La stessa legge 5 giugno 1990, n. 135, pur prevedendo che "la rilevazione statistica della infezione da HIV deve essere comunque effettuata con modalità che non consentano l'identificazione della persona", fa espressamente salvo "il vigente sistema di sorveglianza epidemiologica nazionale dei casi di AIDS conclamato e le garanzie ivi previste" (art. 5, comma 2, l. n. 135/1990).

Il particolare regime di tutela previsto dal nostro ordinamento per le informazioni relative all'AIDS e all'infezione HIV si inserisce comunque nel quadro più generale delle garanzie stabilite dalla legge 31 dicembre 1996, n. 675 per il trattamento dei dati idonei a rivelare lo stato di salute (artt. 22, comma 3 e 3bis e 23 l. n. 675/1996) .

A tale riguardo si ricorda che il d. lg. 17 maggio 1999, n. 135 recante disposizioni integrative della legge 31 dicembre 1996, n. 675, sul trattamento dei dati "sensibili" da parte dei soggetti pubblici, prevede che gli organismi sanitari che trattano i dati idonei a rivelare lo stato di salute rispettino i princìpi di correttezza e di pertinenza sanciti dall'art. 9 della legge n. 675 e adottino specifiche cautele a tutela della riservatezza degli interessati.

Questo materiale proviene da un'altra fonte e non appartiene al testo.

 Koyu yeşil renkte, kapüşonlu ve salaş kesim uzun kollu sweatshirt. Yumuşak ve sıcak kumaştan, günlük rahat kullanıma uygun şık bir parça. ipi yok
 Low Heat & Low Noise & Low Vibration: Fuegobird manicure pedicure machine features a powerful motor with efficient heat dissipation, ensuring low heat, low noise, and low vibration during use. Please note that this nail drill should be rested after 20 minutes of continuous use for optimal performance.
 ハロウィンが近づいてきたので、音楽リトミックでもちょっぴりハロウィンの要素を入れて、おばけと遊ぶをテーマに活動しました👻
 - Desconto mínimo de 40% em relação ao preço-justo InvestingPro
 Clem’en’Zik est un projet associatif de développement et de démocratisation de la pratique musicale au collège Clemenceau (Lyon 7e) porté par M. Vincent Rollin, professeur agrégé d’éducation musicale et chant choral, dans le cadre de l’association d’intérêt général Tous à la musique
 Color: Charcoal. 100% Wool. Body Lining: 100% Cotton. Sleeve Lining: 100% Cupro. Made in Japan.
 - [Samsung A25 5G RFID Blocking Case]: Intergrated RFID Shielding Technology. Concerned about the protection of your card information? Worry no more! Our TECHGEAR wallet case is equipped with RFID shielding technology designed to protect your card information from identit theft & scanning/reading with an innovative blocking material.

Tra queste assume un particolare rilievo la disposizione secondo cui i dati anagrafici devono essere conservati separatamente da quelli sanitari, i quali, se contenuti in elenchi, registri o banche dati devono essere trattati con "tecniche di cifratura o mediante l'utilizzazione di codici identificativi o di altri sistemi che permettono di identificare gli interessati solo in caso di necessità" (art. 3, commi 4 e 5, d.lg. n. 135/1999).

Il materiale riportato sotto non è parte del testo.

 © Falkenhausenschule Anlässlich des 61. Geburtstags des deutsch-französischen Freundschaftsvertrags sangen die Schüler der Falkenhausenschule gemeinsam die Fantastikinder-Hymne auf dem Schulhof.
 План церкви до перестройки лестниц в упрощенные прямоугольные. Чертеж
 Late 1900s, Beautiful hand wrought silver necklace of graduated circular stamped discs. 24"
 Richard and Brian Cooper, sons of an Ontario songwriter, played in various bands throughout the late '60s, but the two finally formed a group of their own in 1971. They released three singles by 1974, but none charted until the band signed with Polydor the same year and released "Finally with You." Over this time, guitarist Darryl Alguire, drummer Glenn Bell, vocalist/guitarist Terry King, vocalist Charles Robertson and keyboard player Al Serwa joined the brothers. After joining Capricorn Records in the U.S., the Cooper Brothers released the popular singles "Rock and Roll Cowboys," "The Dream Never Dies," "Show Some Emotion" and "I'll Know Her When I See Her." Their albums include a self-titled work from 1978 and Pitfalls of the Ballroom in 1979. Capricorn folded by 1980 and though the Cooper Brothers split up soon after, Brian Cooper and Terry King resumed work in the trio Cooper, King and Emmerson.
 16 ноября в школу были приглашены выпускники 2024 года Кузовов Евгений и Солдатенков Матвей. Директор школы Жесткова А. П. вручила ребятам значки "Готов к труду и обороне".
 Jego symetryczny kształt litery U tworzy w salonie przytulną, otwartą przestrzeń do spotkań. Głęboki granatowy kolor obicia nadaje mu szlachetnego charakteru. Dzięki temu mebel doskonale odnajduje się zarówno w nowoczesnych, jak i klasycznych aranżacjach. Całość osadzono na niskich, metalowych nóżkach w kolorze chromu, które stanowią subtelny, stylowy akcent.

Inoltre, anche sotto il profilo della sicurezza dei dati, la recente pubblicazione in Gazzetta Ufficiale (G.U. n. 216 del 14 settembre 1999) del d.P.R. 28 luglio 1999 n. 318, recante norme per l'individuazione delle misure minime di sicurezza per il trattamento dei dati personali, prevede l'adozione delle misure di cui all' art. 15, comma 2, della legge 31 dicembre 1996, n. 675 entro il termine di sei mesi dall'entrata in vigore del regolamento stesso (art. 41, comma 3, l. n. 675/1996). In particolare, l' art. 5 di tale regolamento relativo all' "accesso ai dati particolari" prevede che siano rilasciate da parte del titolare o, se designato, del responsabile, specifiche autorizzazioni agli incaricati del trattamento o della manutenzione per l'accesso alle operazioni di trattamento dei dati "sensibili" o di carattere giudiziario.

È evidente che il rispetto di questi princìpi dovrà essere ancor più accurato quando si trattano informazioni delicate quale quelle relative all'AIDS o all'infezione HIV, dalla cui circolazione può derivare un grave pregiudizio per la vita privata e la dignità personale degli interessati.